After almost a decade in e-commerce, Shoes of Prey has announced a ‘pause’ in business as it considers its options. An announcement on its website reads:

When we started Shoes of Prey back in 2009, we couldn’t have dreamed that we would have the opportunity to share in such an incredible adventure. And you were the most wonderful people to have that adventure with. Today we’re pausing to consider our options for the future of our business, and we have stopped taking orders. We have reviewed all of our orders and if we see that we are unable to make your shoes, you will be fully refunded. 

Founded by Michael Fox, Mike Knapp and Jodie Fox in Sydney in 2009, the company is one of the original Australian e-commerce success stories, arguably one of the first retailers to successfully bring customisation and personalisation mainstream. In 2014 it closed a US$5.5m Series A round with Khosla Ventures and in 2015 it secured US$15.5 million in series B capital raising, led by BlueSky Venture Capital, with Greycroft and Nordstrom coming on board as new equity partners. This brought the company’s total combined funding to US$24.6 million.

Shoes of Prey makes its announcement on social media.

In 2016 it announced that it would closing its physical presence at David Jones’ flagship store in Sydney and all outlets in Nordstrom. In November that year, Knapp announced that he would be leaving the company, stepping down as CTO (but remaining an investor).

While the signs may have been there, it is still a shock to the e-commerce industry. The company has been the recipient of many awards over the years with the Founders sharing their advice and expertise to many on the same journey. Today Fox made a statement via instagram that gave some insight into what the struggling company had been facing:

When we started Shoes of Prey nearly ten years ago, we had a grand vision for what the future of fashion retail might look like. We believed that women shouldn’t just settle for mass-produced styles and sizes that were chosen for them. We saw a future where women around the world could design their own shoe, in their absolutely perfect size, and have it made just for them.

The early signs were great, from the local market stalls to our first global online orders, it was clear we had created something people enjoyed and appreciated. As a business we were profitable very early, and we brought on board world-class investors and advisors to help us realise our vision.

In the years that followed we tested many channels to scale what we had created…All the indicators for our testing were great – things like NPS, basket size and more were all positive and pointed to a healthy future. We took on more funding from intelligent, visionary investors who saw the same potential we saw, invested in R&D, and welcomed more great teammates to Shoes of Prey, along with millions of customers around the world…

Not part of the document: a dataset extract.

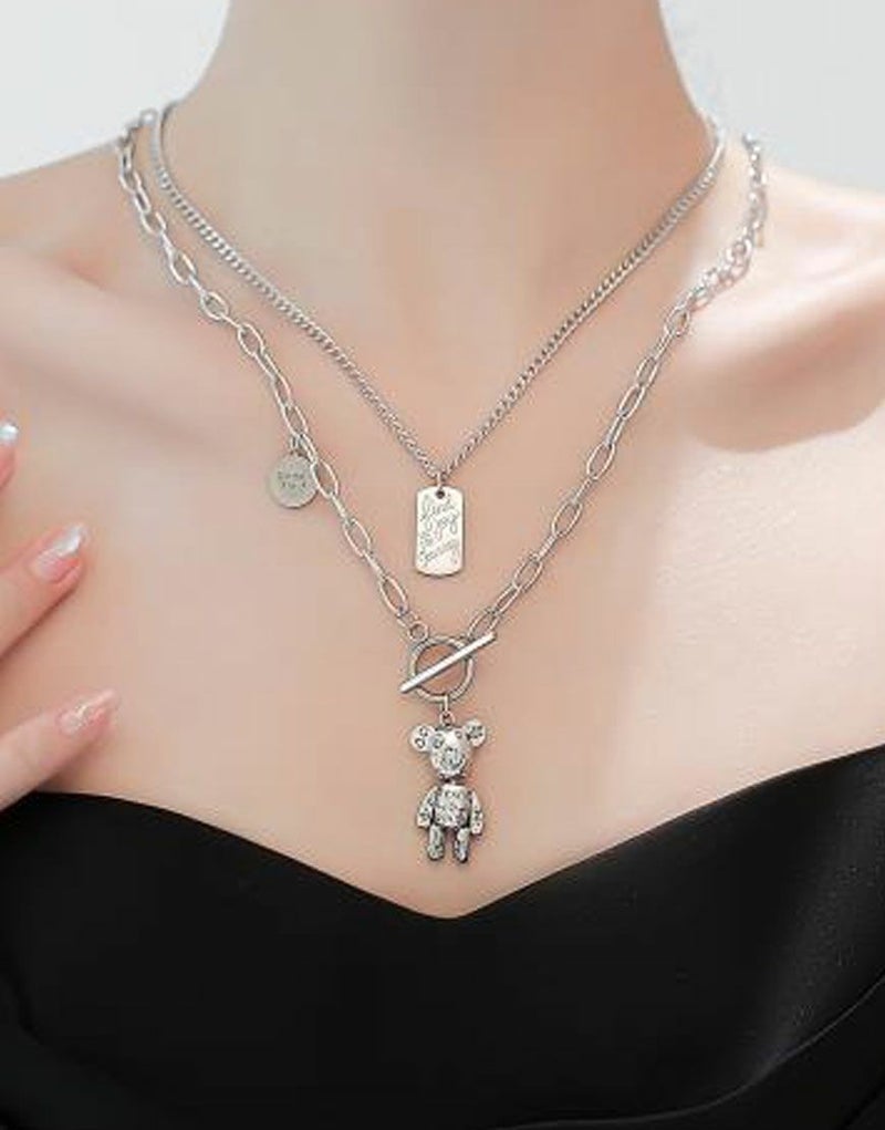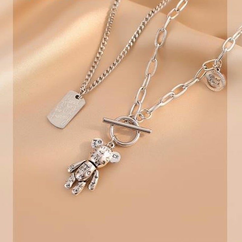 NOVESSEL【ノベセル】からくまデザイン2連ネックレスが登場。キュートなくまのネックレスとシンプルなプレートのネックレスがSETになったアクセサリー。 1本ずつ分けて使うこともできるので、様々なアレンジをお楽しみいただけます♪ ユニセックスとしても着用可能ですので、是非お試しください!
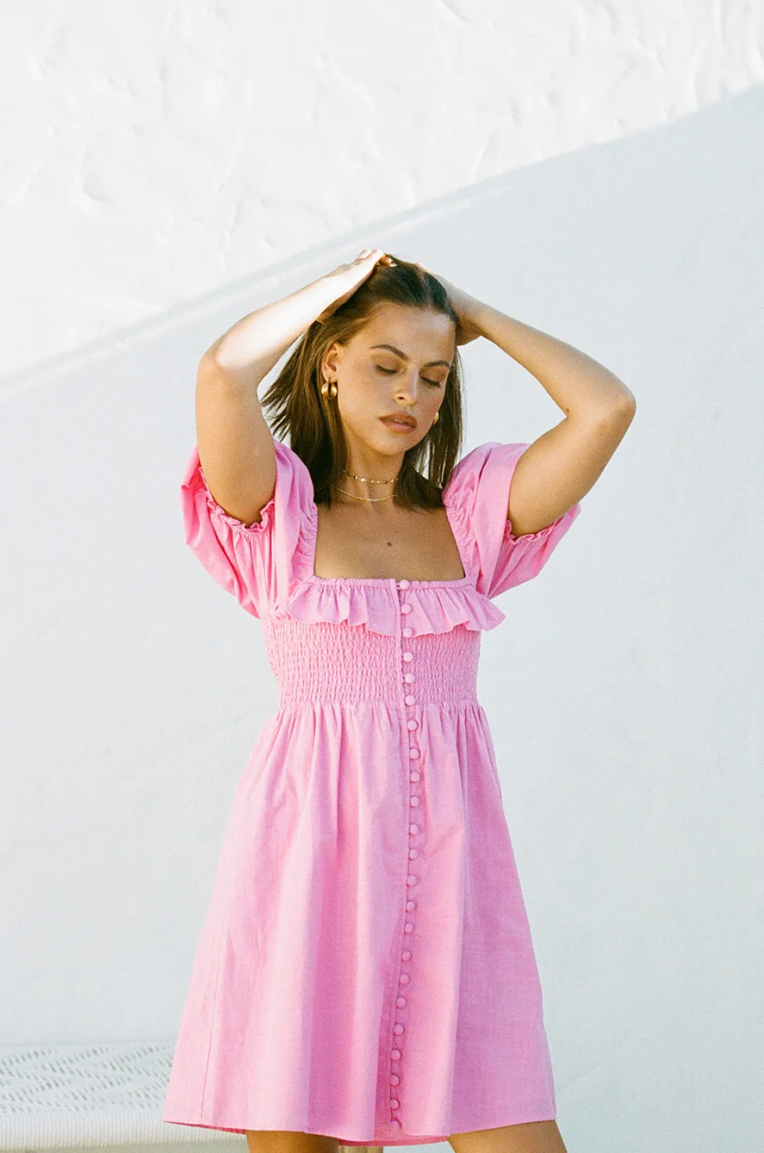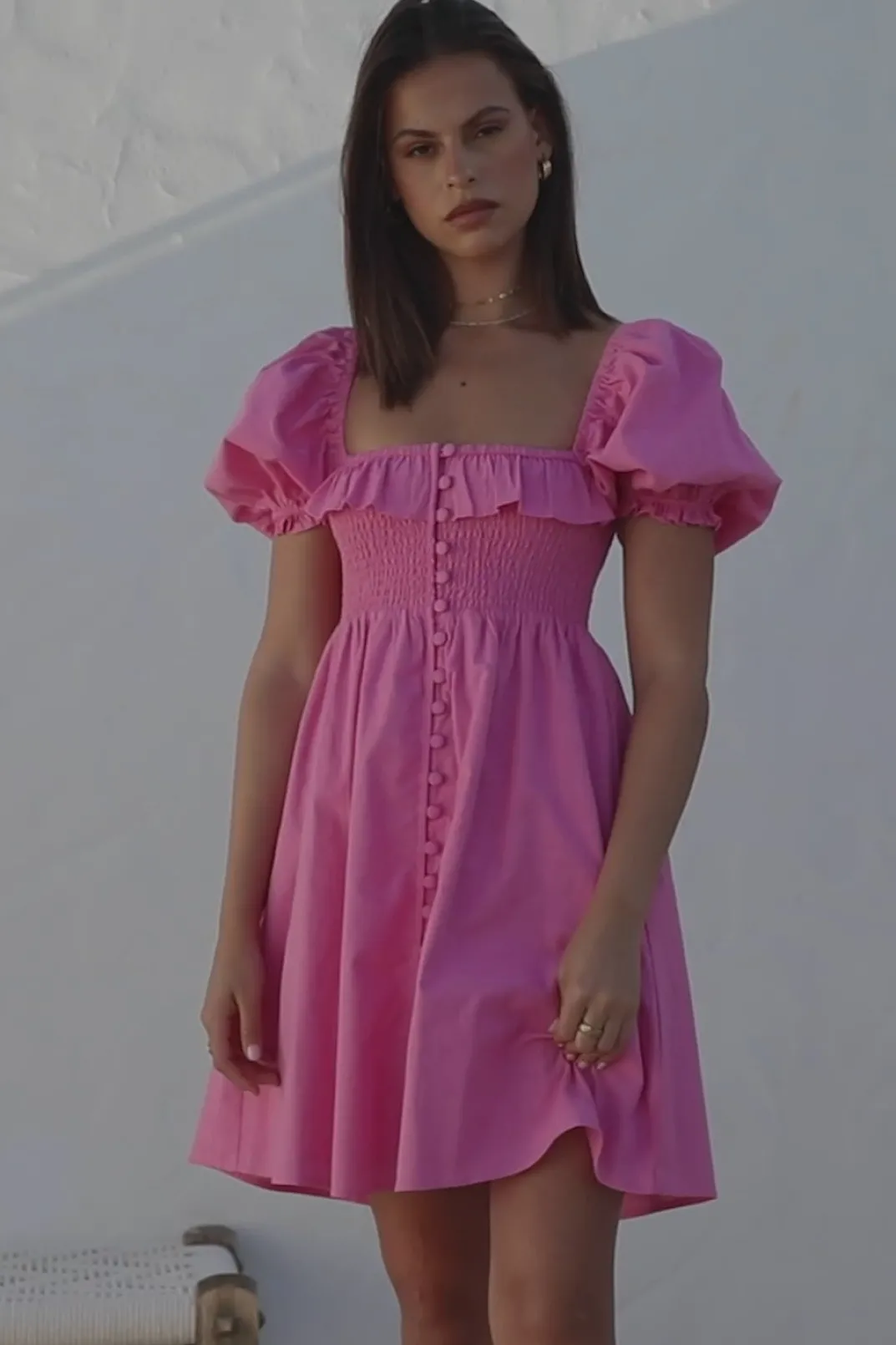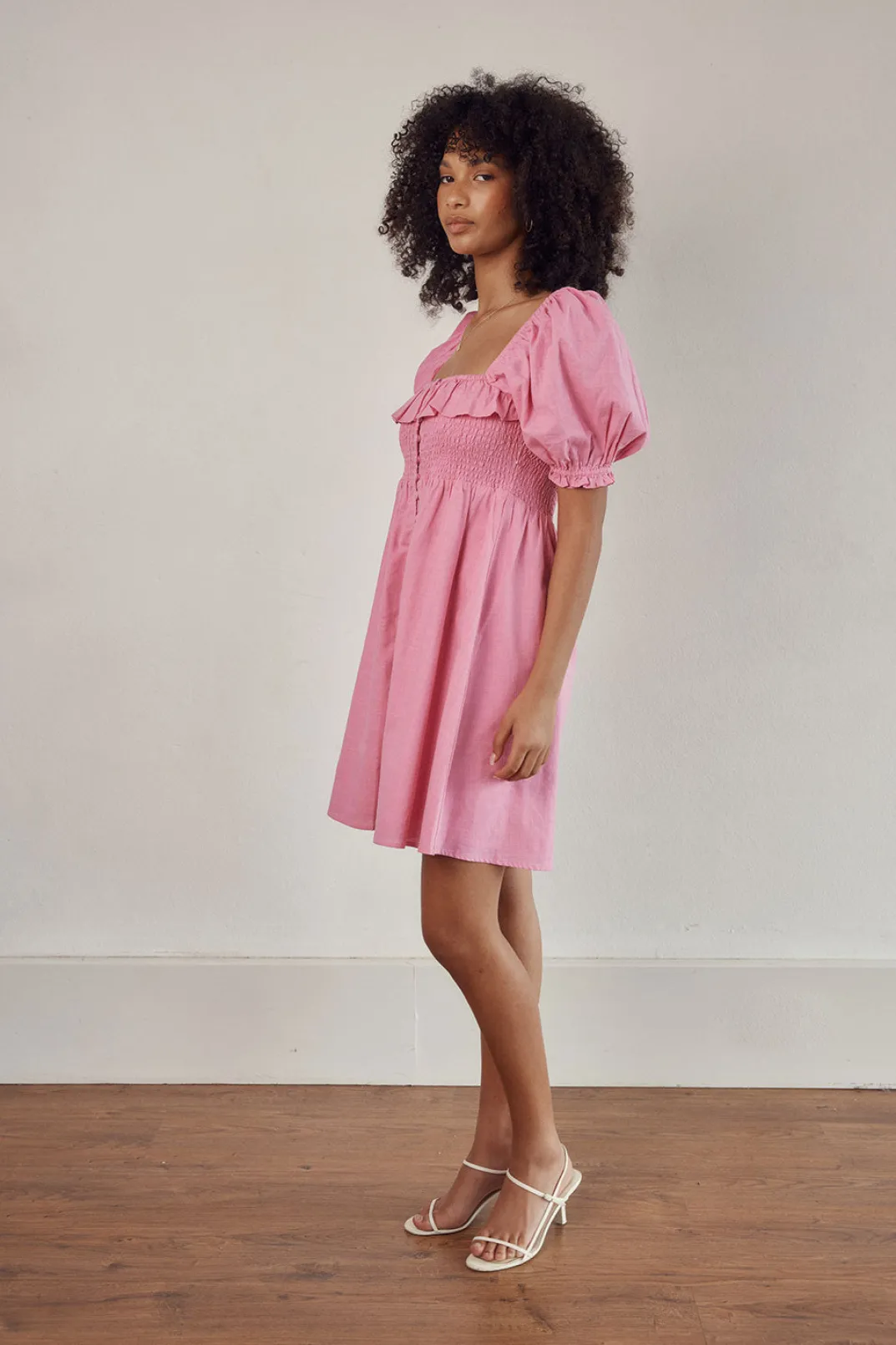 *This Is A Final Sale Item* Stand Out In The Atticus Dress! It Is Made From A High Quality Natural Cotton Slub Fabric In A Vibrant Pink Hue. It Is A Babydoll Style Featuring Short Puff Sleeves, Square Neckline With Frill Detail, Shirred Panel At Bust, Covered Button Details Down Centre Front And A Flouncy Skirt. Pair With Sandals For A Super Cute Weekend Look! Designed Exclusively By Sabo.

However, just like every company, behind the scenes, we faced struggles. While all the indicators and data were positive, we were not able to truly crack mass-market adoption. We remain passionate and positive about our vision for the future of fashion retail. But we are making the difficult decision today to pause orders and actively assess all our options to either sell, or at a later date, reboot the business with substantial changes.

It’s certainly a stark reminder for Australian businesses that no matter the benchmarks of ‘success’, no one is immune from struggles and longevity isn’t guaranteed, even with continuous market testing, experts and millions in funding. It is yet to be announced how long this ‘pause’ in business will last and what the outcome will be for Shoes of Prey, its employees and its investors.